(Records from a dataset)
*** Block opens ***

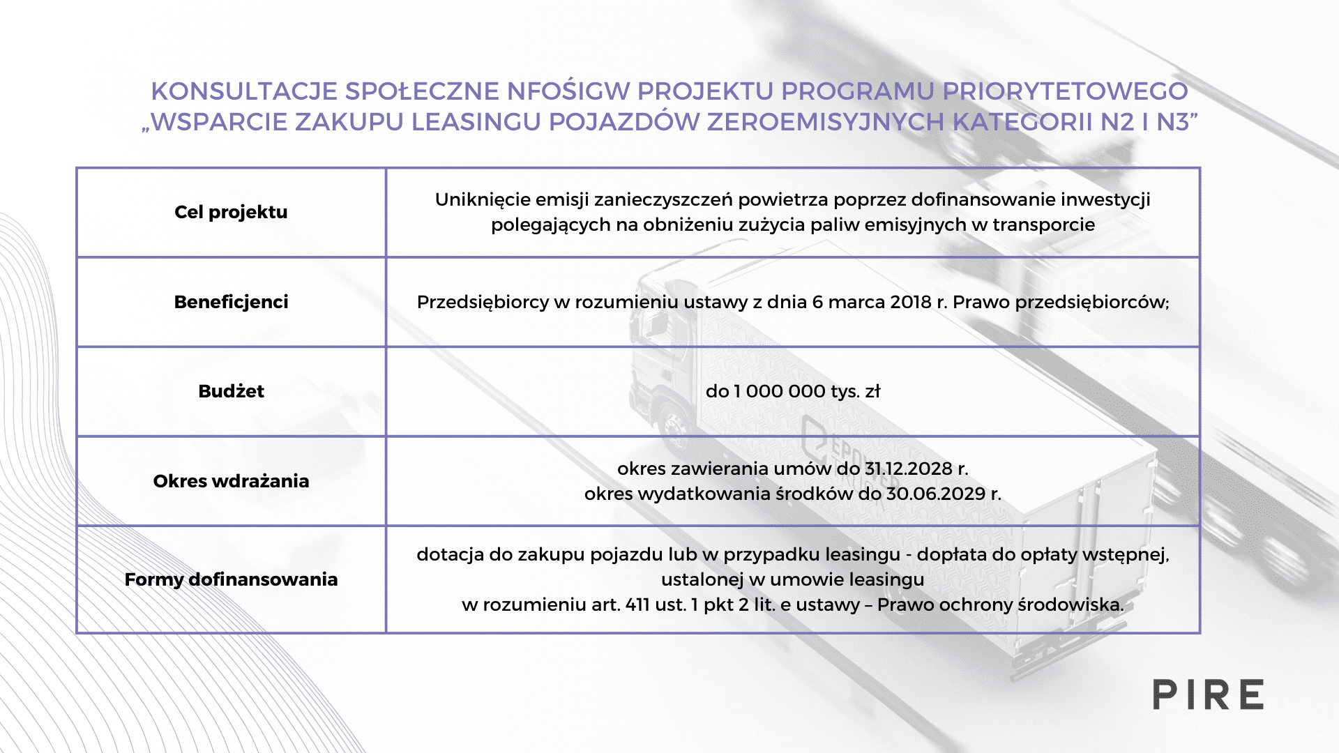 Narodowy Fundusz Ochrony Środowiska i Gospodarki Wodnej przedstawił projekt programu priorytetowego „Wsparcie zakupu lub leasingu pojazdów zeroemisyjnych kategorii N2 i N3”
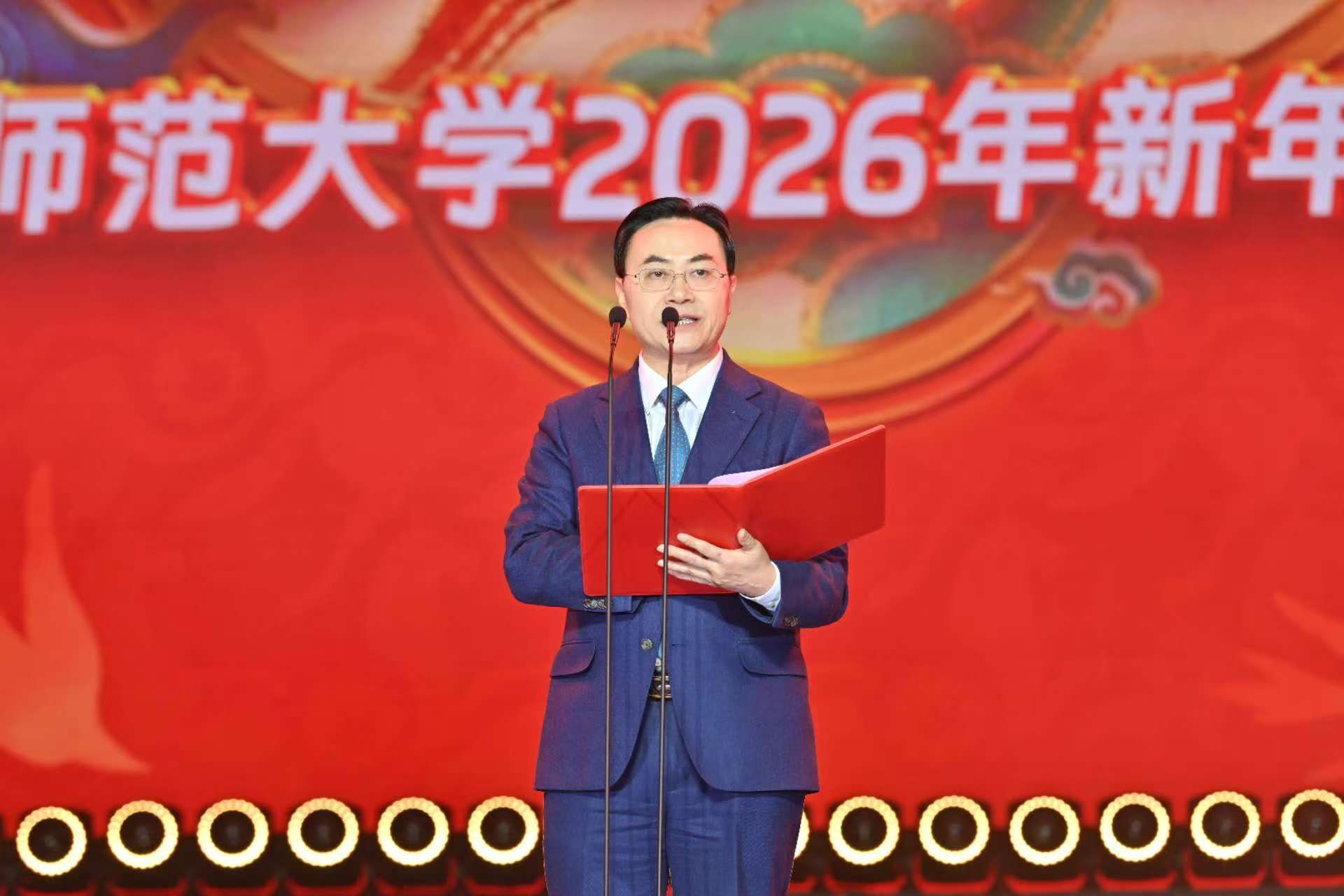 刘仲华向各位领导嘉宾、全体师生员工和关心支持学校发展的社会各界人士致以衷心的感谢和新年的美好祝福。他回顾了2025年我校在科创港校区建设、人才培养、师资队伍、科研创新、学科布局、民生福祉等方面取得的突破性成绩,并强调,2026年是“十五五”开局之年,也是学校奋力推进“双一流”建设的关键年,学校将继续深化综合改革,一体推进教育科技人才发展,推动学校事业发展再创新的辉煌。
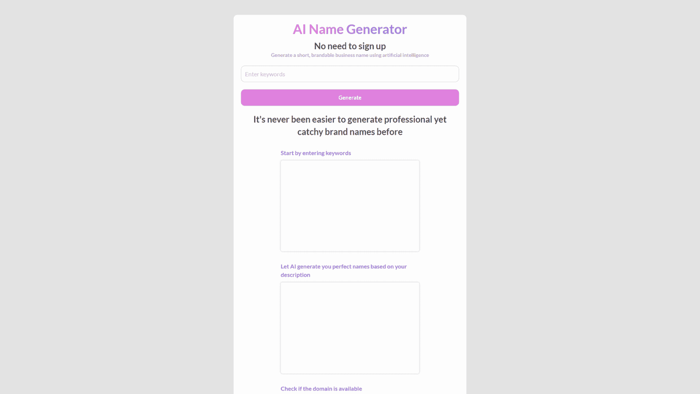 The AI Name Generator operates based on keywords describing a business or brand provided by the user. Utilizing an artificial intelligence system, it creates a list of potential brand names.
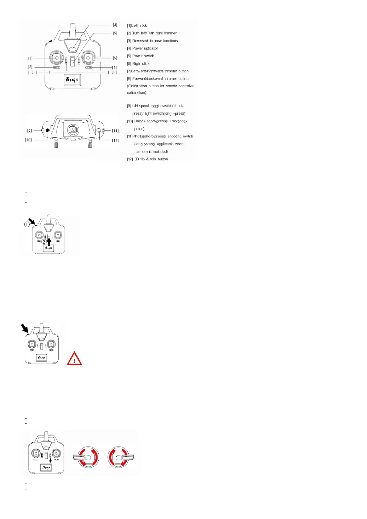 Warnings: The throttle control stick should be pushed to the bottom position when long-press the red button to lock the aircraft. Otherwise, the
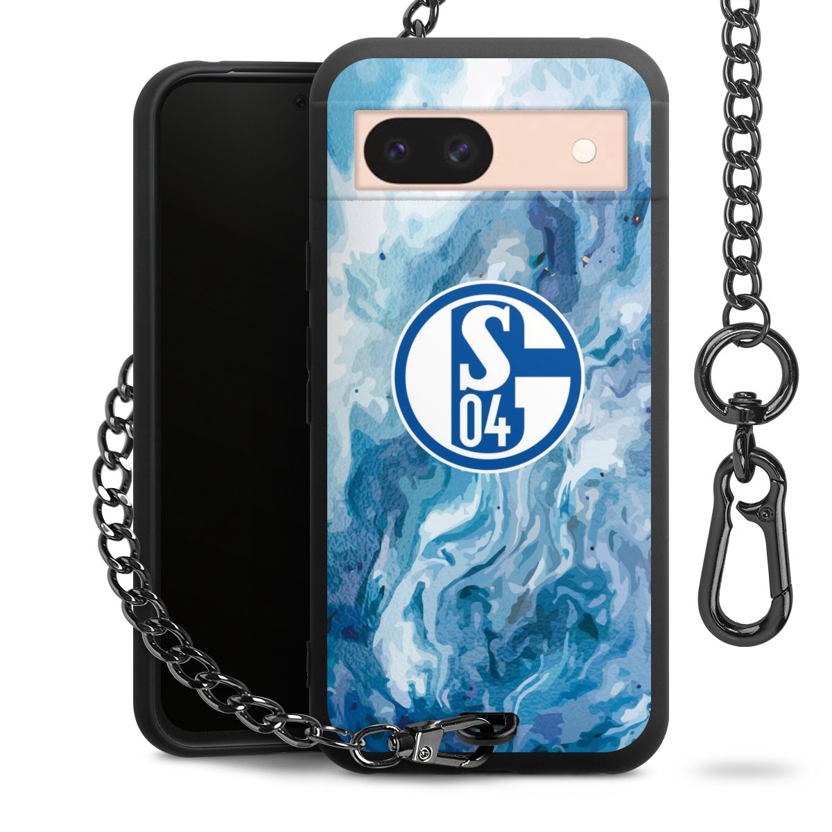 Die mattschwarze Silikon-Handyhülle besteht aus robustem TPU (thermoplastisches Polyurethan). Sie ist flexibel und schützt Dein Smartphone vor Stößen und Kratzern. Die Kette sowie der Karabinerhaken sind aus Metall in Gunmetal-Optik gefertigt. Für dieses Produkt kommen ausschließlich TÜV-geprüfte Materialien zum Einsatz.

*** Block closes ***

▸ **Your goal**:
Copy the data exactly. Any picture it contains is to be omitted.

▸ **Exercise output**:
 Narodowy Fundusz Ochrony Środowiska i Gospodarki Wodnej przedstawił projekt programu priorytetowego „Wsparcie zakupu lub leasingu pojazdów zeroemisyjnych kategorii N2 i N3”
 刘仲华向各位领导嘉宾、全体师生员工和关心支持学校发展的社会各界人士致以衷心的感谢和新年的美好祝福。他回顾了2025年我校在科创港校区建设、人才培养、师资队伍、科研创新、学科布局、民生福祉等方面取得的突破性成绩,并强调,2026年是“十五五”开局之年,也是学校奋力推进“双一流”建设的关键年,学校将继续深化综合改革,一体推进教育科技人才发展,推动学校事业发展再创新的辉煌。
 The AI Name Generator operates based on keywords describing a business or brand provided by the user. Utilizing an artificial intelligence system, it creates a list of potential brand names.
 Warnings: The throttle control stick should be pushed to the bottom position when long-press the red button to lock the aircraft. Otherwise, the
 Die mattschwarze Silikon-Handyhülle besteht aus robustem TPU (thermoplastisches Polyurethan). Sie ist flexibel und schützt Dein Smartphone vor Stößen und Kratzern. Die Kette sowie der Karabinerhaken sind aus Metall in Gunmetal-Optik gefertigt. Für dieses Produkt kommen ausschließlich TÜV-geprüfte Materialien zum Einsatz.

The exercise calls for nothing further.